Background: Follicle dysplasia can cause polycystic ovary syndrome, which can lead to anovulatory infertility. This study explored gene(s) that may contribute to polycystic ovary syndrome.
Methods: Three animal models of polycystic ovary syndrome were created by treating 3-week-old rats respectively with estradiol valerate, testosterone propionate, or constant illumination for 8 weeks. Granulosa cells from the three disease groups and from healthy controls were transcriptionally profiled to identify differentially expressed genes. The phosphodiesterase-4d (Pde4d) was screened as the most promising candidate pathogenic gene. The Pde4d was overexpressed in rats via intrabursal infection with recombinant lentivirus to see the effect of Pde4d on ovarian morphology. The potential roles of the candidate gene and interactors of the encoded protein were explored using polymerase chain reaction, western blotting, transfection and co-immunoprecipitation.
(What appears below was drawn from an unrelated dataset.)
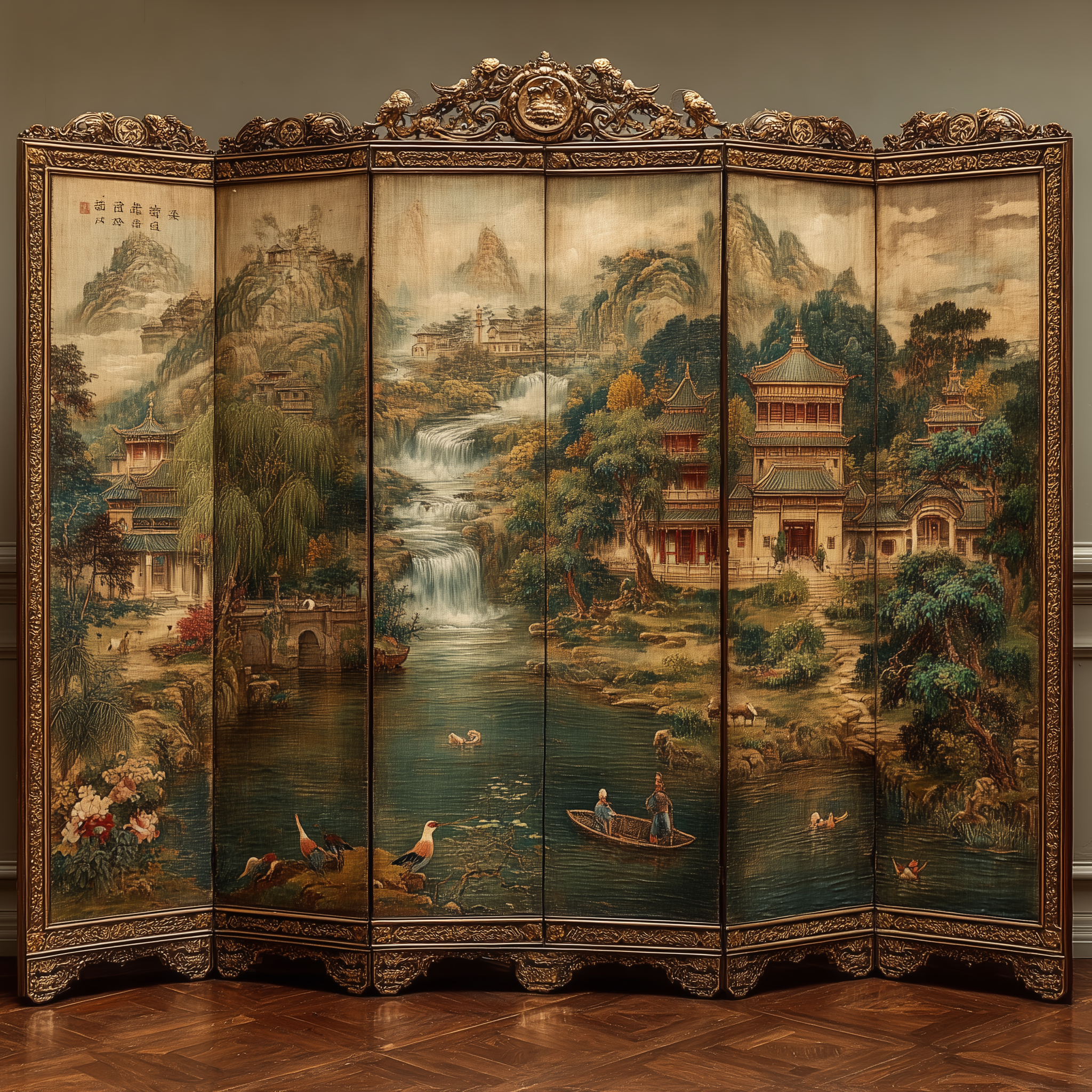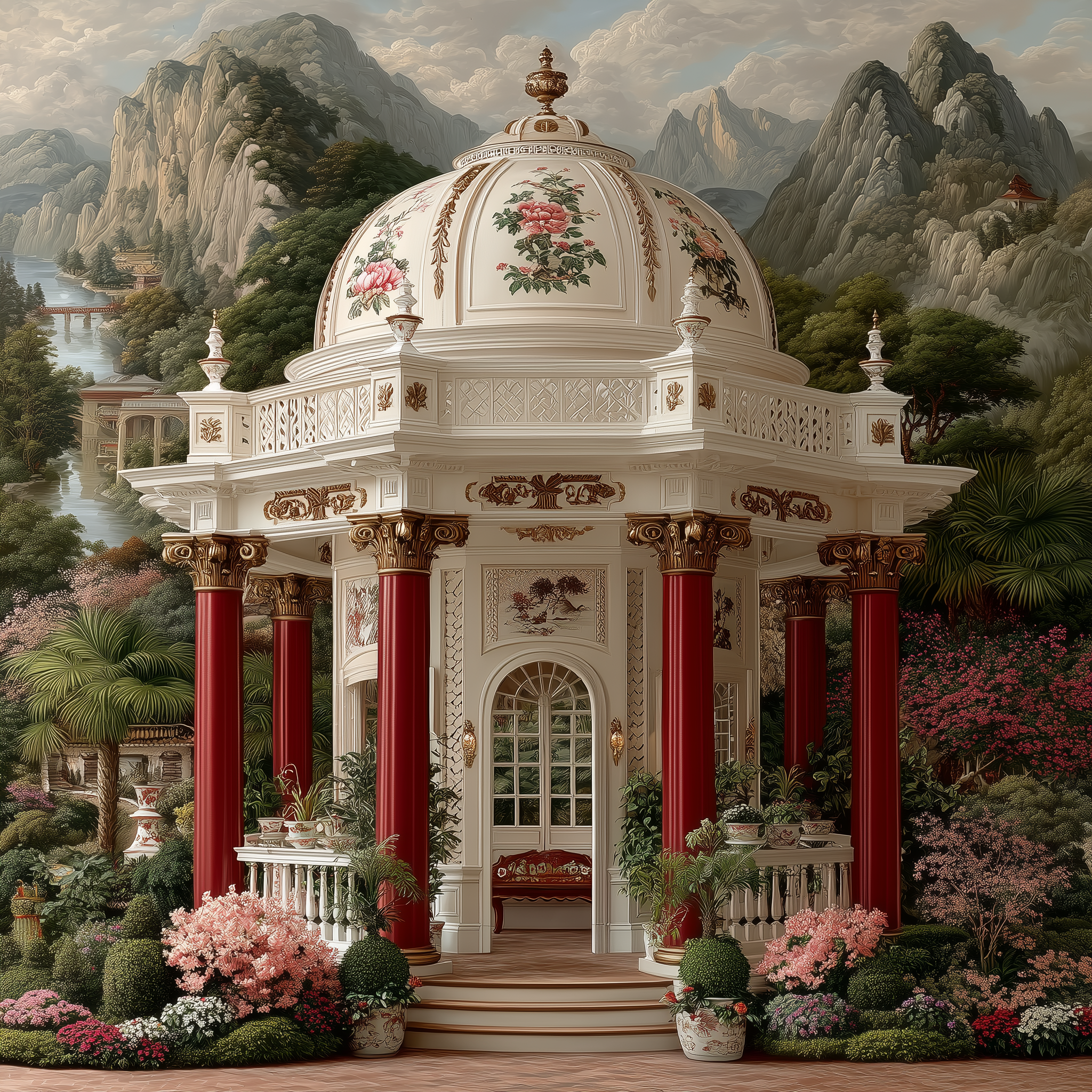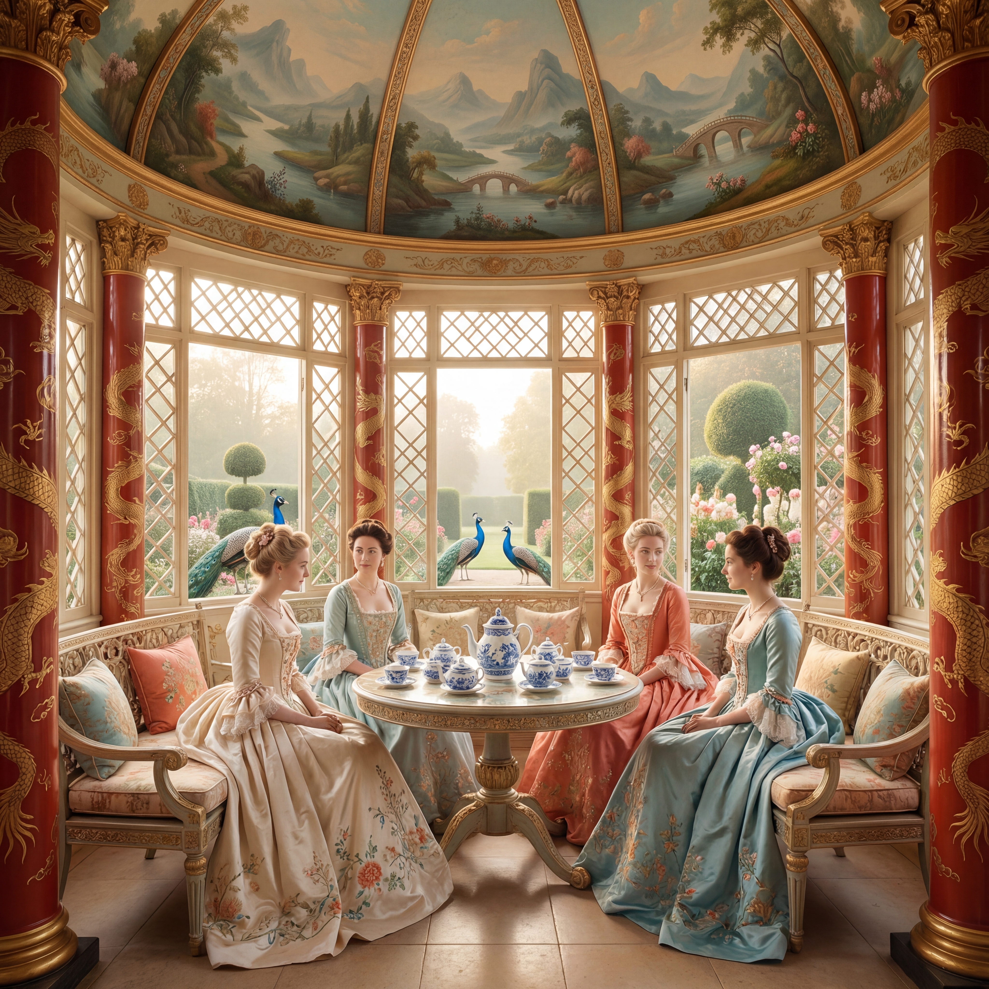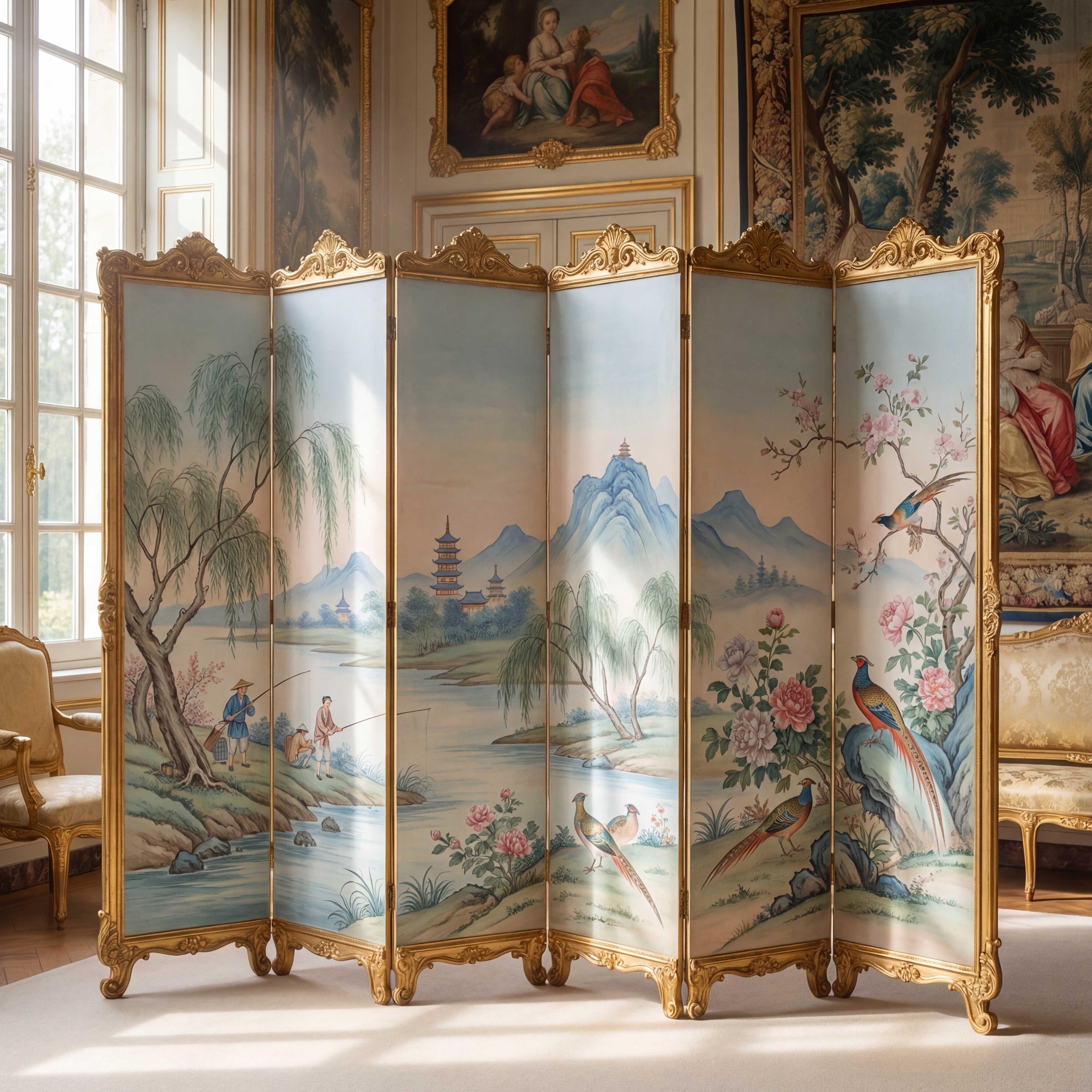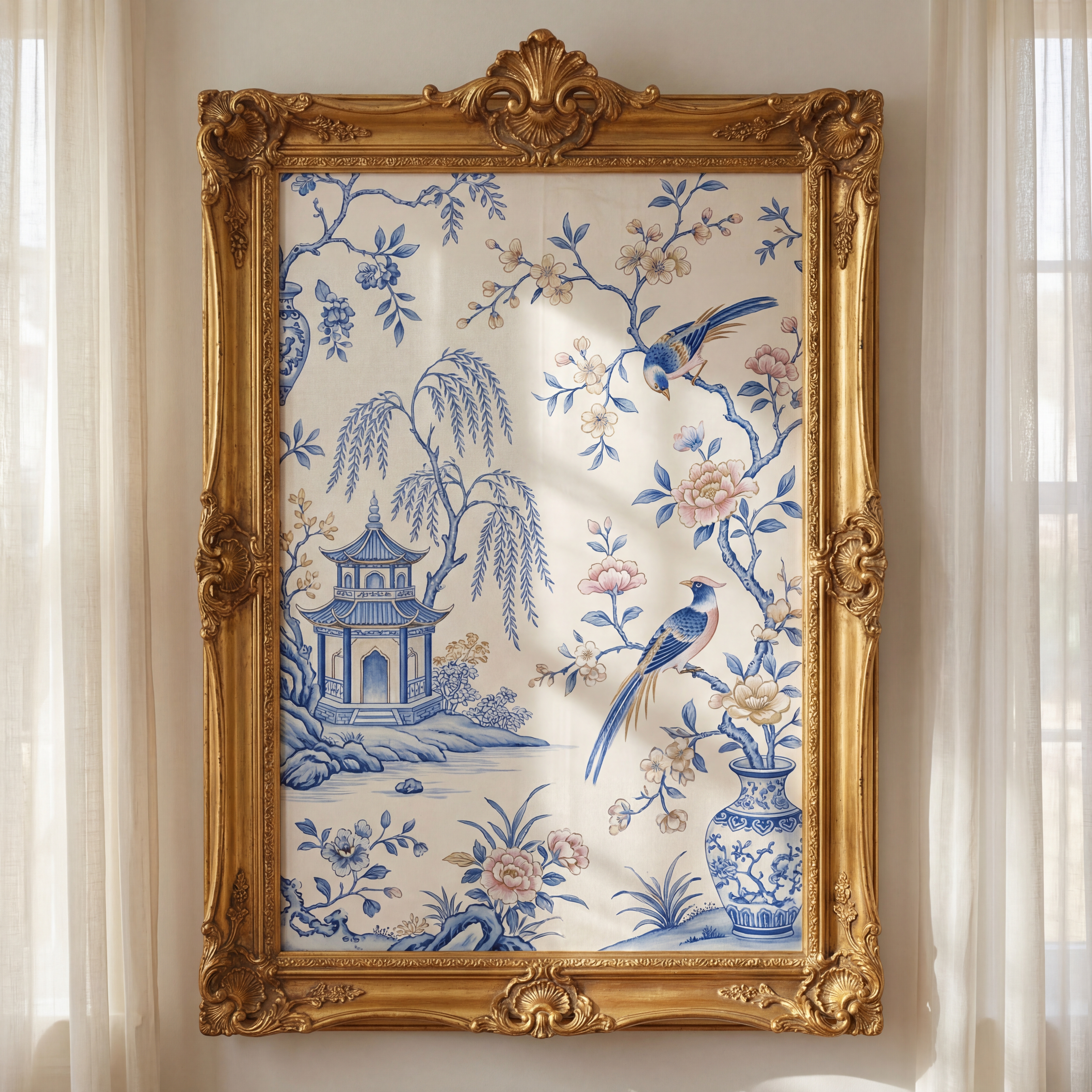 https://mpm-production-2025.s3.us-east-1.amazonaws.com/prompts/j9bmb5hrr6h4hlm/images/1766593974149-mid-1.png A decorative panel with blue and white porcelain patterns, pagoda in willow tree landscape, exotic birds on flowering branches, European Rococo gold frame, hand-painted silk wallpaper aesthetic, East-meets-West ornamental fantasy in a chinoiserie, dreamy, elegant, sophisticated style, viewed from a eye level shot, medium shot, diffused sunlight lighting, at afternoon, with a classic, elegant, romantic vibe, accented by natural light, diffused light, subtle highlights, featuring cool tones, saturated colors, blue, gold, pink, white, cool, light, serene sakura colors, with delicate lace, porcelain, silk effects --v 7 --ar 1:1 --c 10 --w 0 --s 750 --q 2 --iw 1.5

Results: All three rat models of polycystic ovary syndrome showed polycystic ovary phenotype. Seven promising candidate genes were obtained by transcriptomics and verifications. Pde4d was further investigated because it could trigger downstream signaling pathways. The Pde4d overexpression in rat ovary induced cystic follicles. It inhibited follicle maturation through a mechanism involving inhibition of cAMP-PKA-CREB signaling. The Pde4d also inhibited phosphorylation of c-Jun N-terminal kinase to reduce apoptosis in the ovary, through a mechanism involving interaction of its poly-proline domain with the protein POSH.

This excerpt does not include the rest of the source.